The acquisition fee constitutes the initial payment made by the new purchasing partnership entity to the general partner, compensating for their efforts in discovering, assessing, analyzing, securing financing, and finalizing the investment. These fees typically range from 3% to 5% of the purchase price, varying according to the deal’s magnitude and potential returns.

The property management fee is a continuous monthly payment remitted to the property management company in exchange for overseeing the property’s daily operations. This fee’s scope varies between 2% and 8% of the property’s total monthly collected revenues, contingent upon the deal’s scale.

The refinancing fee pertains to compensation for the efforts involved in refinancing the property. When finalizing the new loan, a fee ranging from 0.5% to 2% of the total loan amount is disbursed to the general partner.

The guaranty fee is a payment rendered to a loan guarantor during the loan’s closure. This guarantor assures the loan. When sealing the loan, a fee ranging from 0.25% to 1% of the mortgage loan’s principal balance is disbursed to the loan guarantor.

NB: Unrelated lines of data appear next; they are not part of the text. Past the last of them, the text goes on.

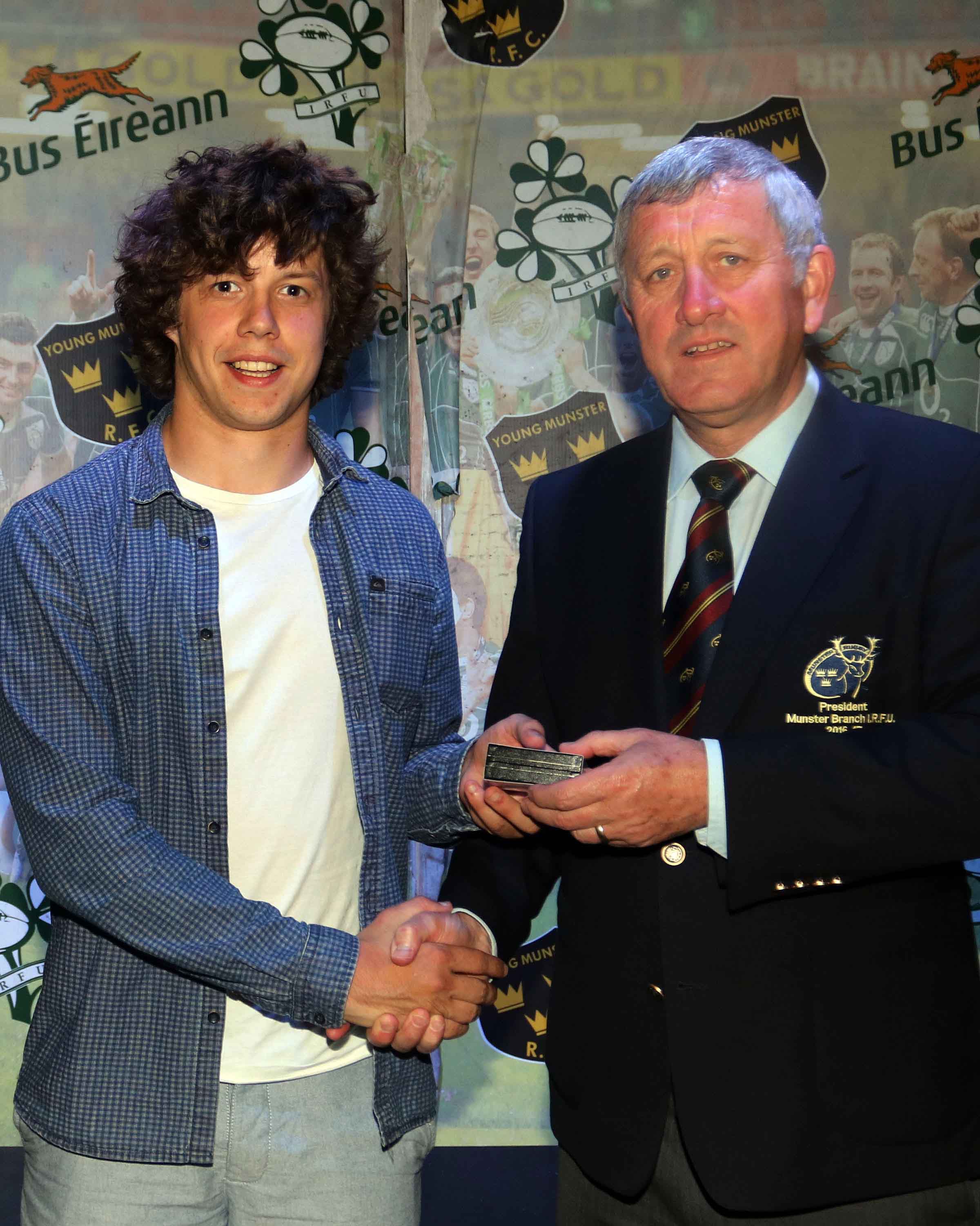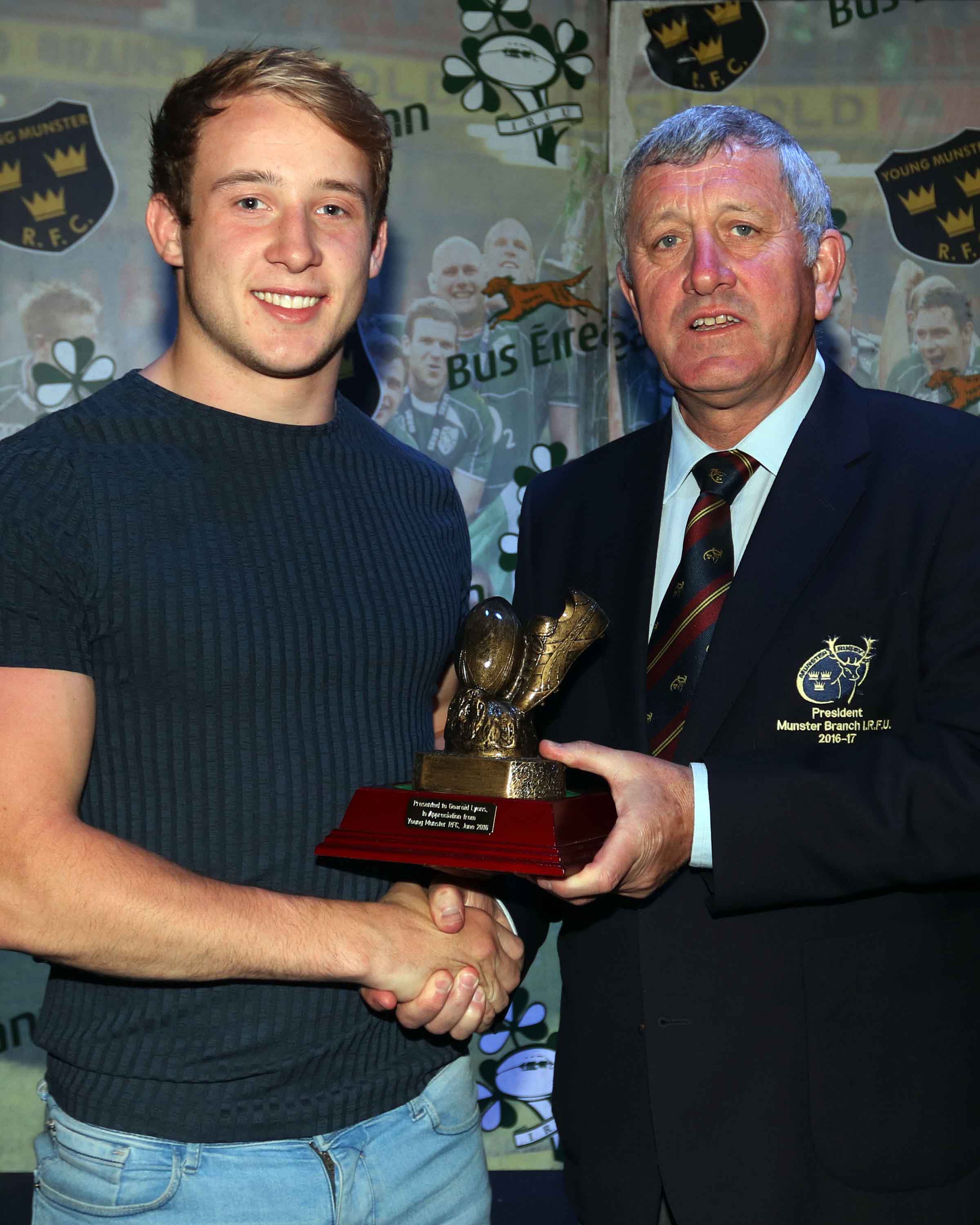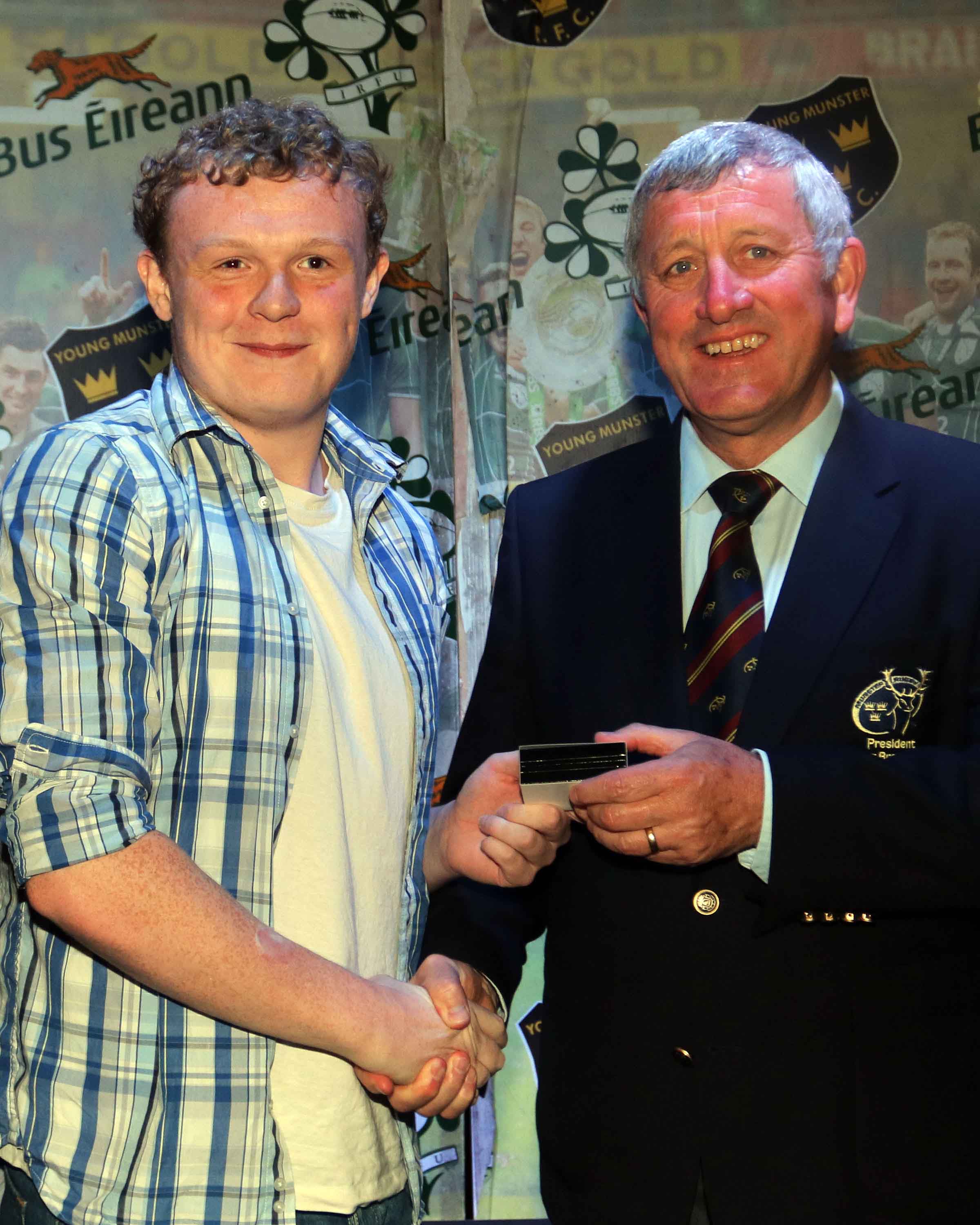Gerry O’Shea, President of the Munster Branch IRFU presents Geroid Lyons with his Trophy at the Young Munsters RFC end of Year Presentations at the Library Bar.
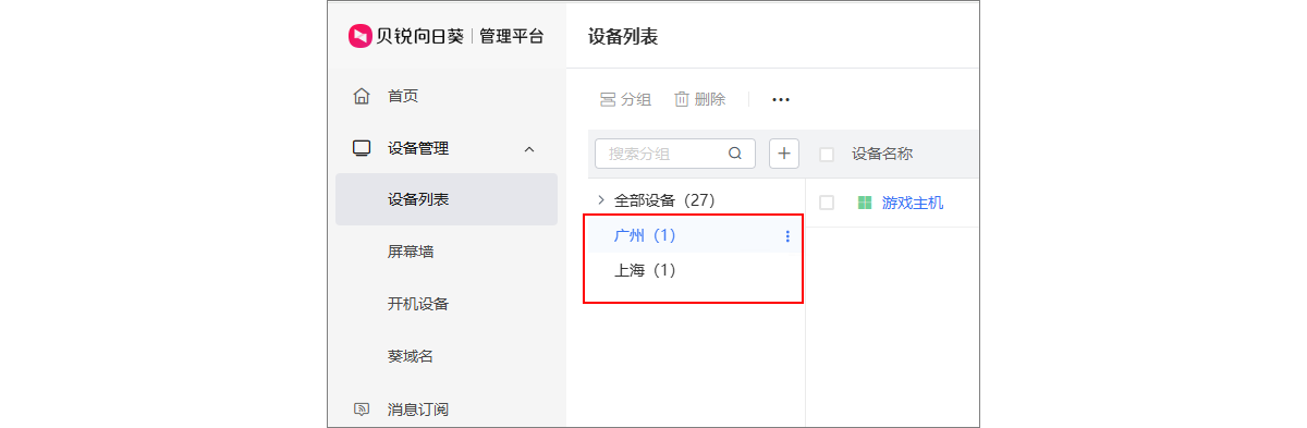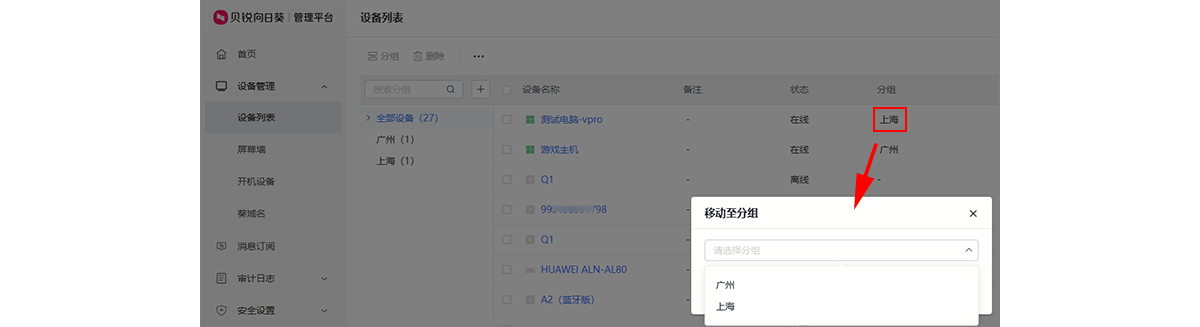 1)在右侧设备列表中,找到目标设备,鼠标移入“分组”列;
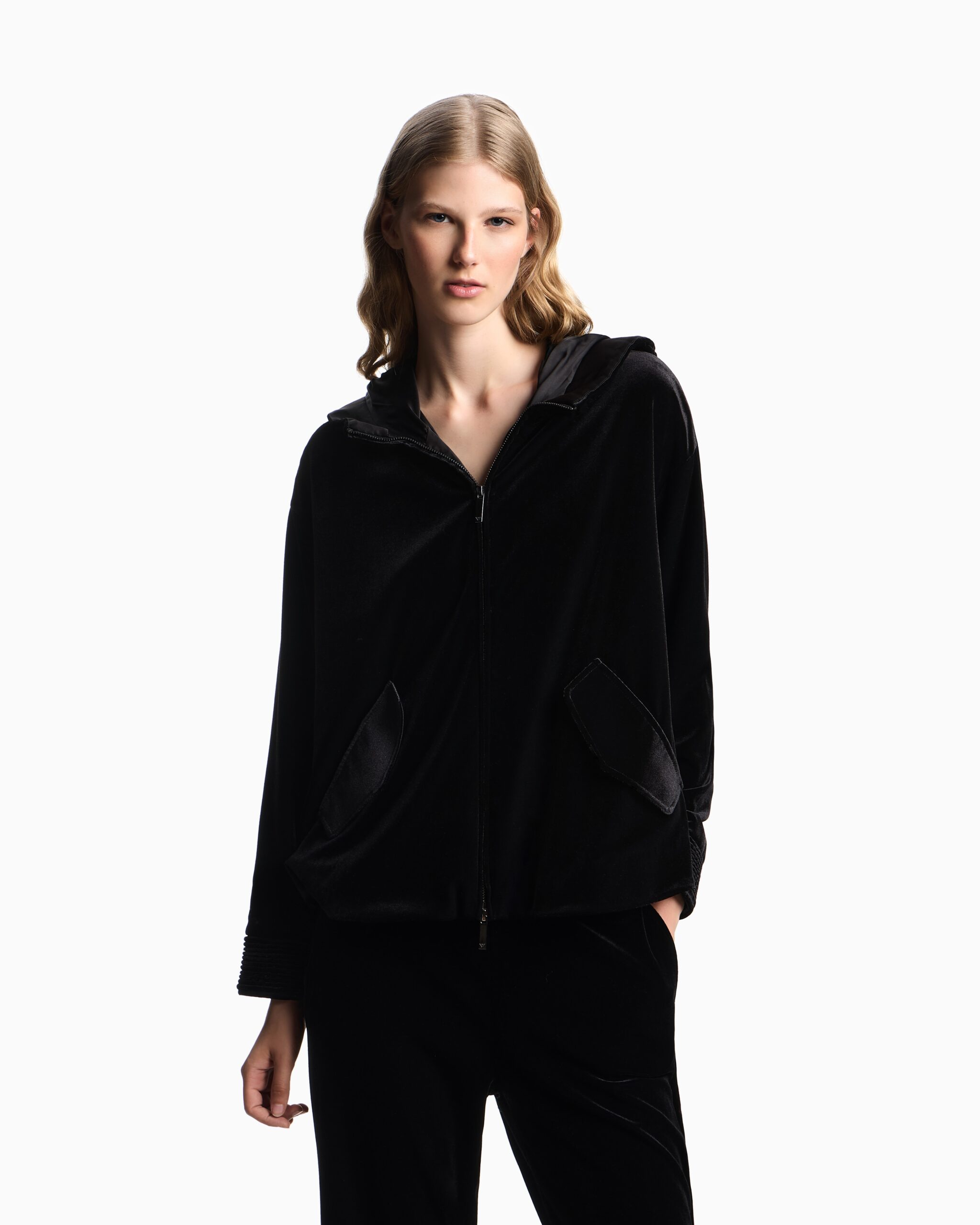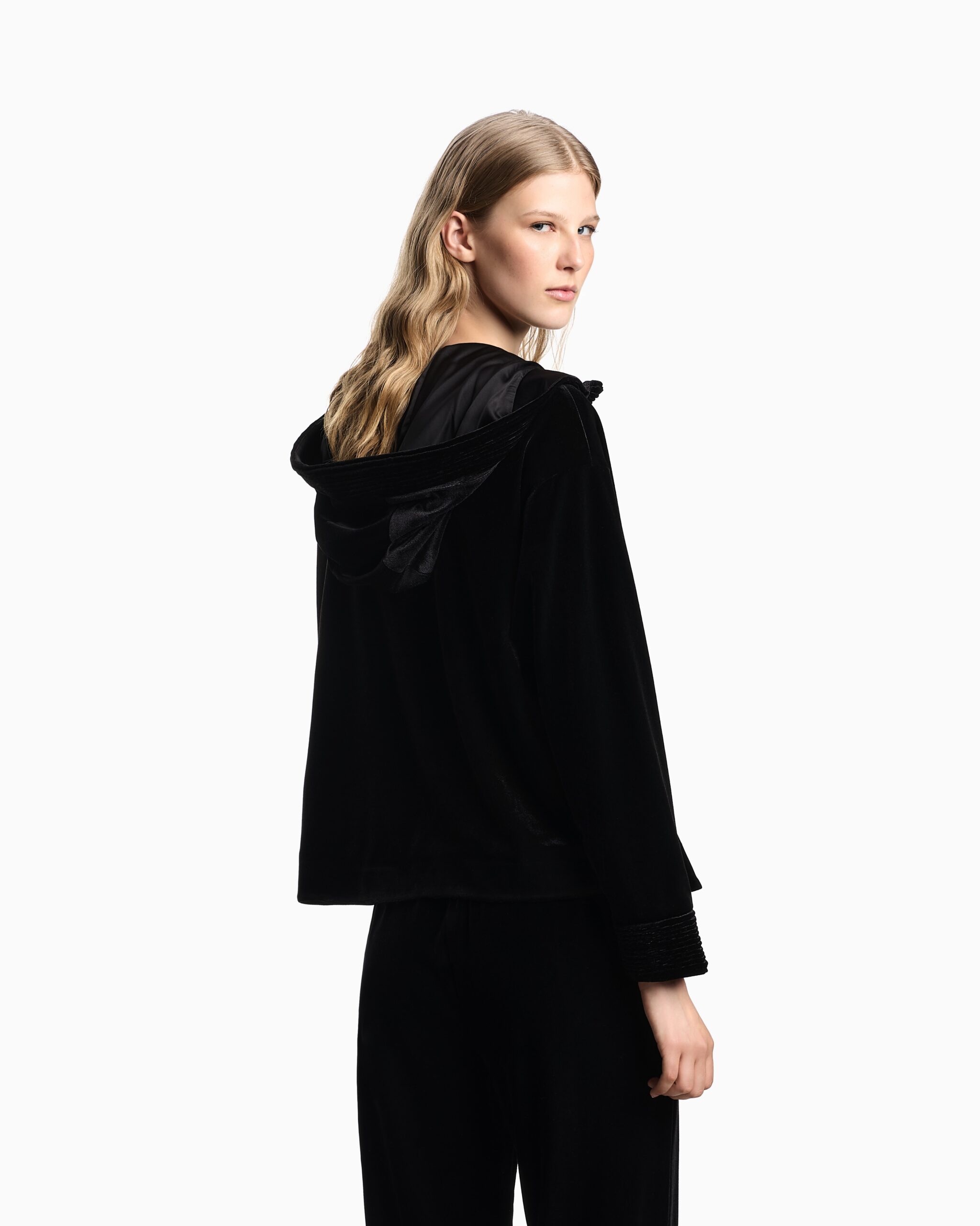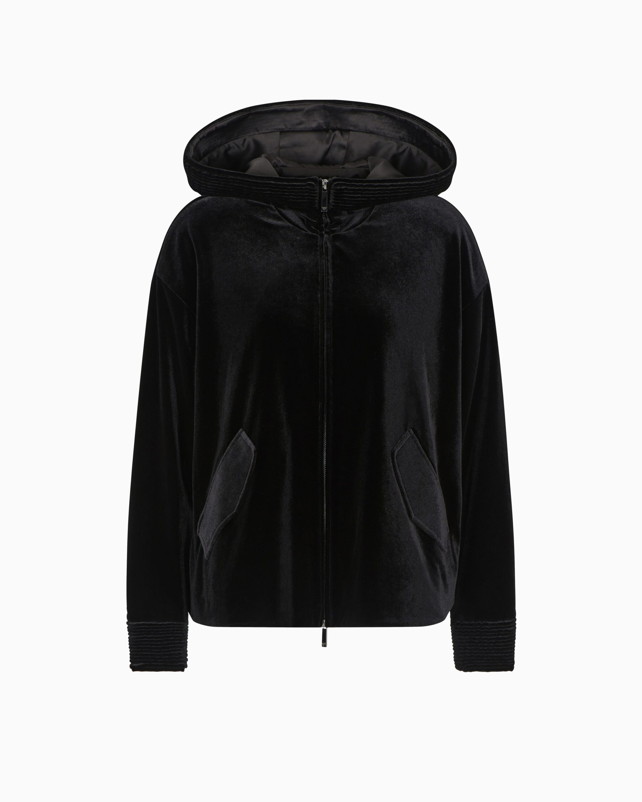 Chaqueta Negra Emporio Armani Mujer Terciopelo Capucha Casual Chic
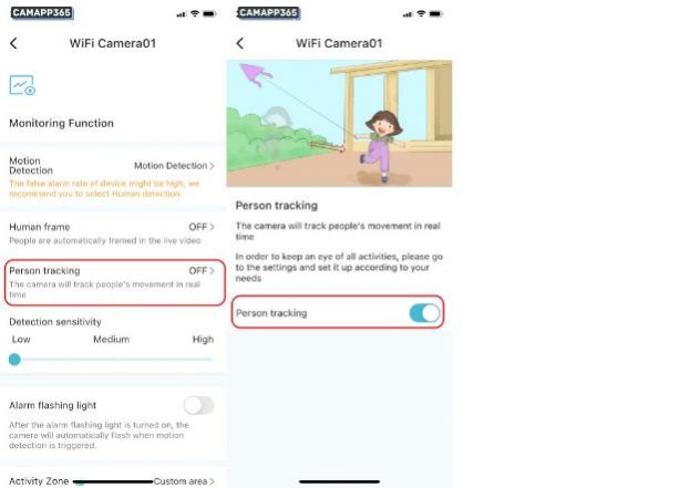 When the camera detects an object moving, it will send an alarm notification to your mobile phone.
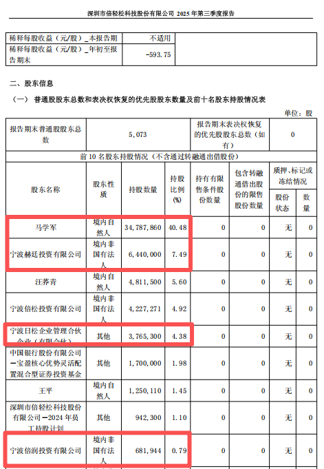 截至2025年第三季度末,马学军直接持有倍轻松40.48%的股份,并通过宁波赫廷投资有限公司、宁波日松企业管理合伙企业(有限合伙)、宁波倍润投资有限公司,合计间接控制倍轻松12.66%的股份。
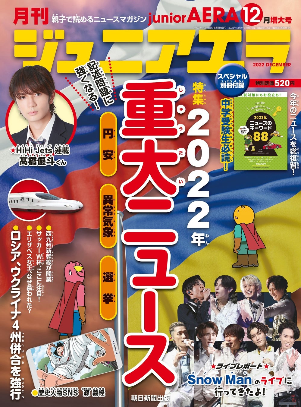 小中学生が親子で読めるニュース月刊誌「ジュニアエラ12月号」が2022年11月15日(火)に発売されました。12月号の特集は「中学入試の記述問題に強くなる!2022年 重大ニュース」。特別付録に「2022年ニュースのキーワード88」もつきます。ニュース解説では、「ロシア、ウクライナ4州併合を強行」「サッカーW杯、ここに注目!」「西九州新幹線が開業」などをわかりやすく解説します。スペシャル企画として、ジャニーズの人気グループSnow Manのライブレポート&撮りおろし写真も掲載。HiHi Jets連載は、髙橋優斗くんが登場します。中学受験に役立ち、学びと楽しさがつまった一冊です。
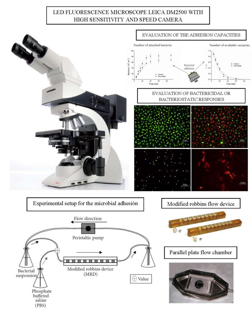 Evaluation of the adhesion of microorganisms to surfaces, including the evaluation of their viability. Adhesion can be studied under flow or static and at different contact times. Study of biolayers formed on materials after different growth times. Evaluation of bactericidal and/or bacteriostatic responses using viability kits or plate growth.
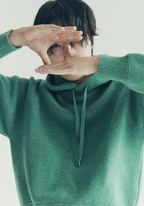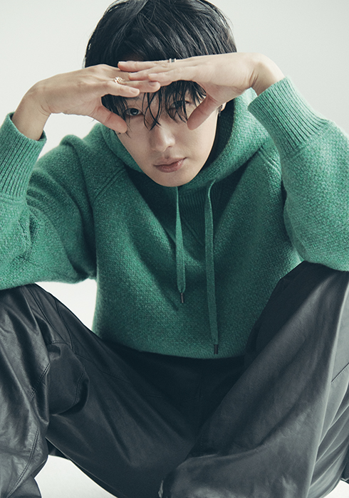 그린 컬러 캐시미어 후드 스웨터 2백79만원, 블랙 나파 레더 카고 팬츠 가격 미정 모두 살바토레 페라가모. 왼손 중지에 착용한 비제로원 블랙 세라믹 & 로즈 골드 링 2백만원대 불가리. 오른손 약지에 착용한 클래쉬 드 까르띠에 핑크 골드 링 3백86만원 까르띠에. |
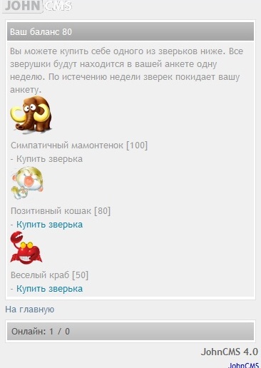 Всем привет вот сегодня написал такую прикольную фишку для 4 джона(позже по 3 сделаю), как прикольные зверьки в анкете каждый пользователь может установить себе в анкету одного из трех зверьков, накопив нужное нужное колличество баллов сайта. Зверек будет находться в анкете на протежении 7 дней, потом он исчезнет.
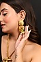 Featuring a gold finish sunflower-shaped long necklace studded with kundan polki and pearl beads, set in brass. It is paired with a matching pair of long earrings. Perfect wear for a festive occasion or wedding ceremony.
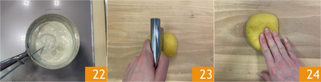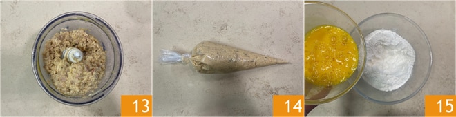 Bata a mistura 13, depois transfira para um saco de confeitar 14 e mantenha na geladeira. Enquanto isso, prepare a massa fresca: em uma tigela, coloque a farinha e os ovos batidos 15.

The private placement memorandum (PPM) is a document delineating the investment terms and core risk factors related to the investment. It comprises four primary sections: an introduction that provides a concise overview of the offering, basic disclosures encompassing details about the general partner, asset description, and risk factors, the legal agreement, and the subscription agreement.

A subscription agreement is a pact between a company and investor(s) that defines the price and conditions of purchasing shares in the company. This agreement outlines the rights and responsibilities connected to the acquisition of shares.